The average calculation time of the two functions are $T_F = 1.5M\tau$ and $T_G \approx 0$. The parameters of the communication cost model are $T_{setup} = 10^2\tau$ and $T_{transm} = 10\tau$.

- evaluate the performance analysis of the system (ideal/effective service time, bandwidth, utilization factor, optimal parallelism degree, latency, efficiency and completion time);
- if needed, write a parallelization of $P$ and evaluate the performance analysis (same parameters of the previous point) for the whole system and for the parallelized module. Evaluate the scalability of the parallel implementation.

Hint: the student must be careful in taking into account the effect of data partitioning in the exploitation of the reuse property.
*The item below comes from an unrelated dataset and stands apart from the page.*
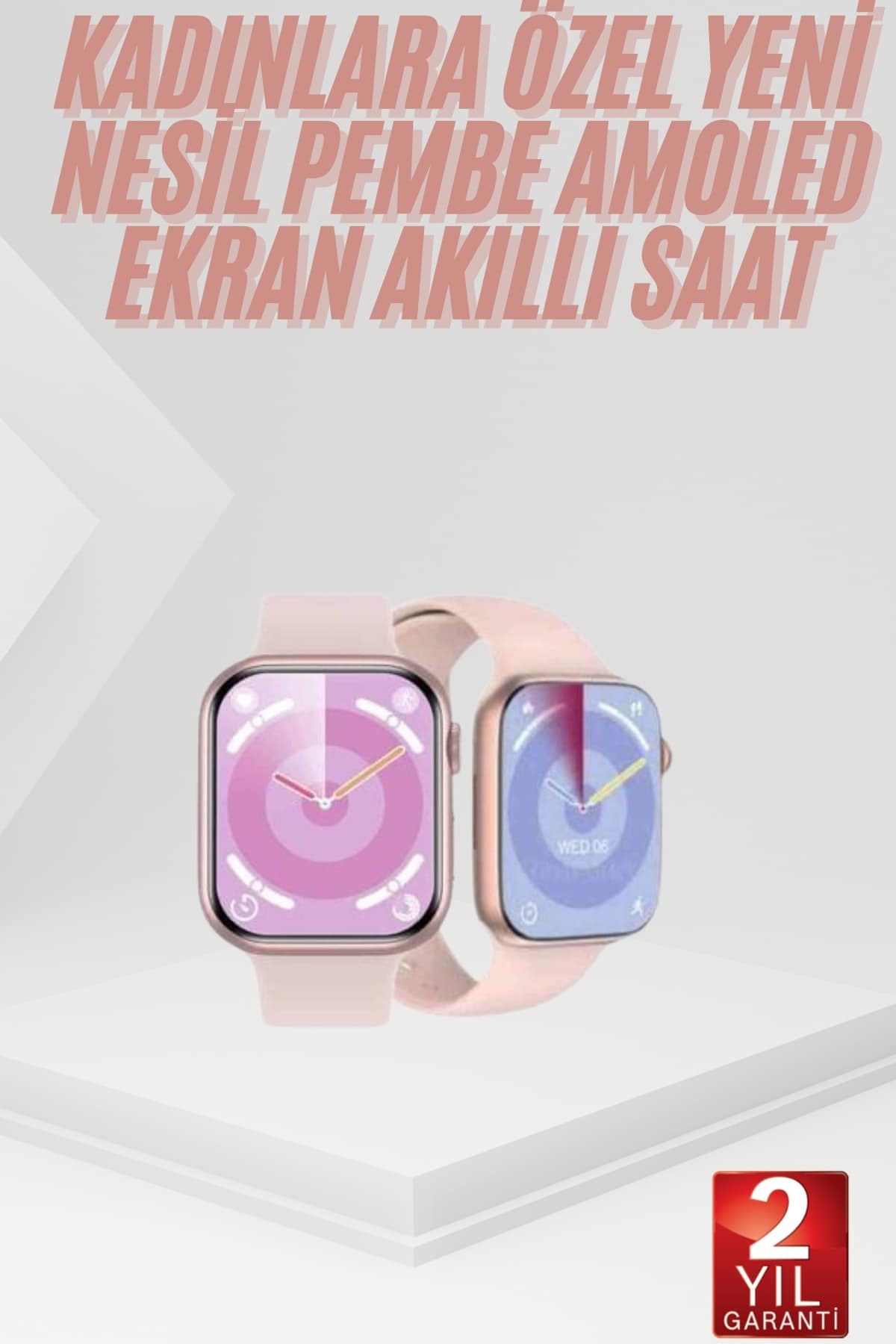 Bu ultra akıllı saat, şıklığı ve teknolojiyi bir araya getirerek günlük hayatınızı kolaylaştırır. 2.4 inç HD ekranı, 49 mm zarif kasası ve gelişmiş özellikleri ile her anınızda yanınızda olabilecek mükemmel bir yardımcıdır. Bluetooth üzerinden arama yapabilir veya gelen aramaları doğrudan saatinizden yanıtlayabilirsiniz. Sağlık takibi özellikleri arasında kalp atış hızı, uyku analizi ve kandaki oksijen seviyesi ölçümü bulunur, bu sayede sağlığınızı sürekli olarak takip edebilirsiniz. Ayrıca, tüm uygulama bildirimlerinizi saatinizden alarak günlük hayatınızı daha verimli hale getirir. 300 mAh batarya kapasitesi ile 2 güne kadar kullanım sunar. Saatin tasarımında pembe ve gri olmak üzere iki farklı kordon seçeneği bulunmaktadır ve kolayca anlaşılır Türkçe kullanım kılavuzu ile birlikte gelir. Spor aktiviteleriniz için özel modlar (koşu, bisiklet, yürüyüş, yüzme vb.) ile destekler ve günlük planlarınızı takip etmenizi sağlayacak takvim ve hatırlatıcı özellikleri sunar. Saat, alarm, kronometre ve uyku takibi gibi birçok kullanışlı özellik ile birlikte gelir ve hava durumu bilgilerine anında erişim sağlar. 2.4 inç HD dokunmatik ekranı ve 49 mm kasa çapı ile oldukça şık ve fonksiyoneldir. Uyumluluğu iOS 10.0+ ve Android 5.0+ cihazlar ile tam uyumludur.

Assume the following architectural specifications:

1. multiprocessor with $N = 32$ PEs and 32 shared memory macro-modules;
2. D-RISC CPU with mean service time per instruction equal to $4\tau$;
3. each PE has on-demand 32K primary cache (16K instruction cache + 16K data cache) and secondary cache of 512K. Block size equal to 8 words;
4. the base memory access latency per cache block is equal to $L_{read-C1}(\sigma) = 72\tau$; the latency for transferring a block from the secondary cache to the primary one is $L_{C2-C1}(\sigma) = (\sigma + 2)\tau$;
5. the architecture allows overlapping of communication with calculation.